Latent Action Diffusion for Cross-Embodiment Manipulation

TL;DR

This work tackles the embodiment gap in robotic manipulation by learning a semantically aligned latent action space that unifies diverse end-effectors. It combines retargeting, contrastive latent space learning, and diffusion-policy training to enable a single, embodiment-agnostic policy with embodiment-specific decoders. Empirical results across dexterous and general-purpose end-effectors show substantial cross-embodiment transfer gains (up to 25.3% in success rates) and robust performance improvements, validated through ablations.

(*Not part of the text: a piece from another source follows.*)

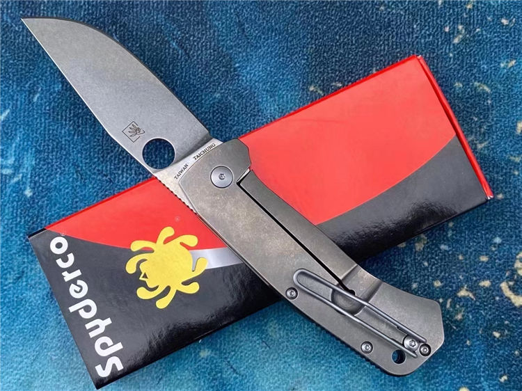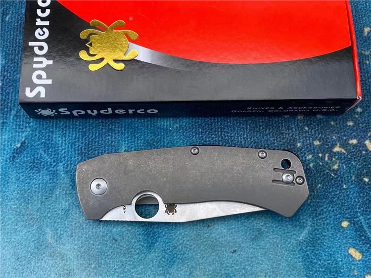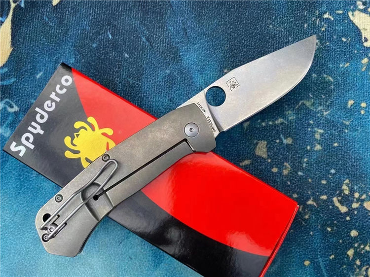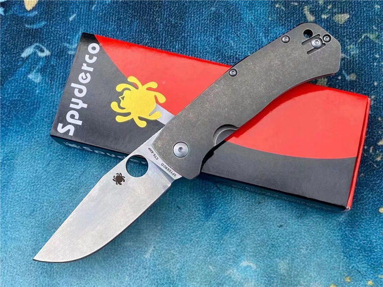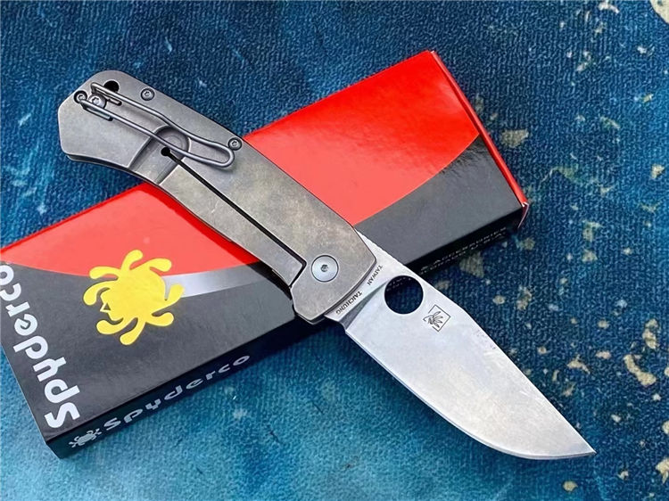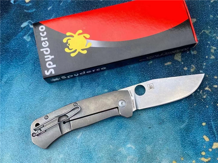 蜘蛛C186复刻版折刀 总长:20cm 刃长:8.7cm 刃厚:3.5cm 材质:D2 柄长:11.2cm 硬度:60HRC 表面:珠光石洗 柄材:TC4钛合金 表面:石洗 系统:铜垫片系统 净重量:168g 包装:彩盒
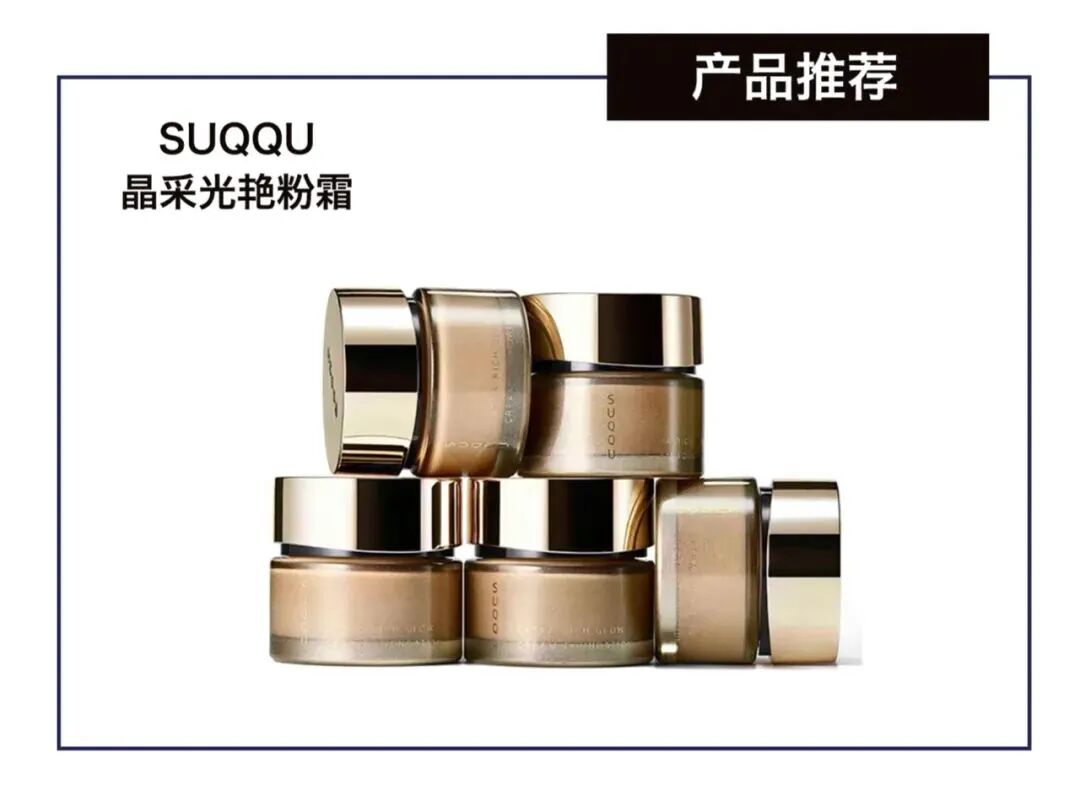 虽然我是混油皮但是我的底妆产品不会选择太干的,反而会选择滋润一些的。这样才能扛出我的定妆方法,同时不会出现斑驳、浮粉等问题。我比较常用SUQQU晶采光艳粉霜,能够很好的吸收晚间我脸上的油脂,呈现出越夜越美丽的妆效。

The approach reduces data collection needs for new robots and enables scalable data sharing across robot morphologies, advancing practical multi-robot learning.

Abstract

End-to-end learning is emerging as a powerful paradigm for robotic manipulation, but its effectiveness is limited by data scarcity and the heterogeneity of action spaces across robot embodiments. In particular, diverse action spaces across different end-effectors create barriers for cross-embodiment learning and skill transfer. We address this challenge through diffusion policies learned in a latent action space that unifies diverse end-effector actions. We first show that we can learn a semantically aligned latent action space for anthropomorphic robotic hands, a human hand, and a parallel jaw gripper using encoders trained with a contrastive loss. Second, we show that by using our proposed latent action space for co-training on manipulation data from different end-effectors, we can utilize a single policy for multi-robot control and obtain up to 25.3% improved manipulation success rates, indicating successful skill transfer despite a significant embodiment gap. Our approach using latent cross-embodiment policies presents a new method to unify different action spaces across embodiments, enabling efficient multi-robot control and data sharing across robot setups. This unified representation significantly reduces the need for extensive data collection for each new robot morphology, accelerates generalization across embodiments, and ultimately facilitates more scalable and efficient robotic learning.

Paper Structure

This paper contains 21 sections, 6 equations, 4 figures, 3 tables.

Figures (4)

  • Figure 1: The three-stage process for learning the cross-embodiment latent action space. Stage 1: Aligned end-effector (EEF) poses are generated by retargeting human hand poses to different robot end-effectors. Stage 2: Embodiment-specific encoders are trained to project these actions into a shared latent space using a contrastive loss. Stage 3: Decoders are trained to reconstruct the original poses from the latent space, and encoders are fine-tuned to improve reconstruction quality.
  • Figure 2: Qualitative evaluation of the joint latent action space. We encode normalized gripper widths $W \in [0,1]$ (from closed to open) and perform cross-modal reconstruction by decoding them into human hand poses (colored lines on left) and poses for the Faive hand (grey model on right). Existing approaches using retargeting only allow for single-directional retargeting (i.e. human hands to robot hands), which is a limitation our latent action space overcomes. Any modality can be encoded and decoded to any other modality under the alignment constraints of the data.
  • Figure 3: Success rates for three different tasks comparing single-embodiment diffusion policies to cross-embodied latent diffusion policies trained on data from both embodiments for each task. Block stacking: 200 demos per embodiment, one external camera. Block pick and place: 200 demos per embodiment, one external camera + wrist camera for mimic hand, replaced by zero-padding for Franka gripper. Plush toy pick and place: 100 demos per embodiment, one external camera.
  • Figure 4: Cross-embodiment policy rollouts for two pick and place tasks in different settings. The robots in each respective setting (left: mimic hand, middle: mimic hand, Franka gripper, right: Faive hand, Franka gripper) are controlled by a single cross-embodiment diffusion policy, demonstrating multi-robot control.